Deploying ResNet50 semantic segmentation model on the nVidia Jetson Nano using onnxruntime
When we upgraded our robot Beteigeuze with entirely new electronic components, we decided on nVidia’s Jetson Nano platform as the robot’s primary computer. The Jetson Nano is an ARM based quad-core System-on-a-Chip (SOC) that features CUDA acceleration for Deep Learning models.
As a test, we tried deploying the model that we used during last year’s Virtual Field Robot Event on the new hardware platform. Even though that model was trained for simulation, we hope that models of the same or similar architecture will be of value for us in this year’s event. The model is a ResNet50 from PyTorch’s torchvision.
For inference, we exported the trained model to the ONNX format for easy deployment and portability. ONNX allows for saving the model and its weights in a single file, that can then be loaded an used using the ONNX Runtime, which is available for a wide range of platforms.
For last year’s event, we just used the CPU version of onnxruntime. While no GPU was available on the competition server, that machine’s CPU was sufficient for running the model alongside all the other code, and performance was less critical due to the simulation running slower than real time anyway. On the real robot, constraints are different: CPU time on the Jetson Nano is valuable, and therefore it make sense to utilize the available CUDA cores for the image recognition pipeline.
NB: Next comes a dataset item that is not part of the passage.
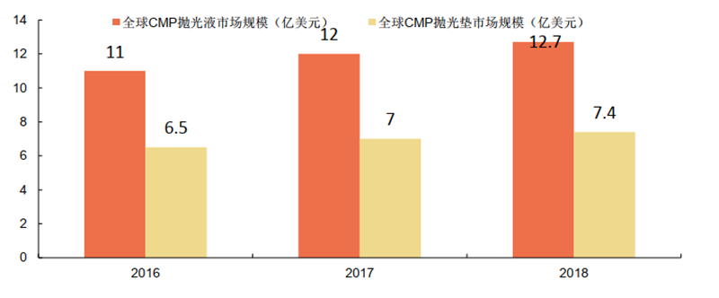 根据 Cabot Microelectronics 官网公开披露的资料,2016 年、2017 年和 2018 年全球化学机械抛光液市场规模分别为 11.0 亿美元、12 亿美元和 12.7 亿美元,预计2017-2020 年全球 CMP 抛光液材料市场规模年复合增长率为 6%。抛光垫方面,2016-2018 年全球化学机械抛光垫市场规模分别为 6.5 亿美元、7 亿美元和 7.4 亿美元。

Since Ubuntu 18.04 is the only supported operating system on the Jetson Nano platform (please tell us if you know of an equivalent platform not stuck to badly aging proprietary drivers!), building ONNX runtime was not entirely straightforward. For this reason, we document the process here. We assume that JetPack 4.6 is already installed. So our
/etc/apt/sources.list.d/nvidia-l4t-apt-source.list contains these entries.
deb https://repo.download.nvidia.com/jetson/common r32.6 main
deb https://repo.download.nvidia.com/jetson/t210 r32.6 main
For a more elaborate guide on how to install JetPack, see the official guide.
Next, we had to install a current version of CMake:
echo 'export PATH=$HOME/.local/bin:$PATH' >> ~/.bashrc
mkdir -p ~/cmake && cd ~/cmake
tar xf ~/Downloads/cmake-3.22.2.tar.gz
Next, we needed to build and install the ONNX Runtime with appropriate GPU support
git clone https://github.com/microsoft/onnxruntime/
git checkout v1.10.0
./build.sh --update --parallel --config Release --build --build_wheel --use_cuda --cuda_home /usr/local/cuda --cudnn_home /usr/lib/aarch64-linux-gnu
The resulting Python package could then be installed using:
pip3 install --user ./build/Linux/Release/dist/onnxruntime_gpu-1.10.0-cp36-cp36m-linux_aarch64.whl
We were then able to run the inference on the GPU using the Jupyter Notebook we provided when releasing our model and dataset last year (see the repository’s README for usage information and download link for the models’s ONNX file). However,
LD_LIBRARY_PATH needs to be modified due to an obscure bug that a helpful person on Github has fortunately found a workaround for, and
OPENBLAS_CORETYPE needs to be set as well:
Inference takes about 2.1 seconds per image, which might be too slow for the competition. However, this is the original model that we used during the Virtual Field Robot Event, where performance was less of a concern, so there is likely room for optimization.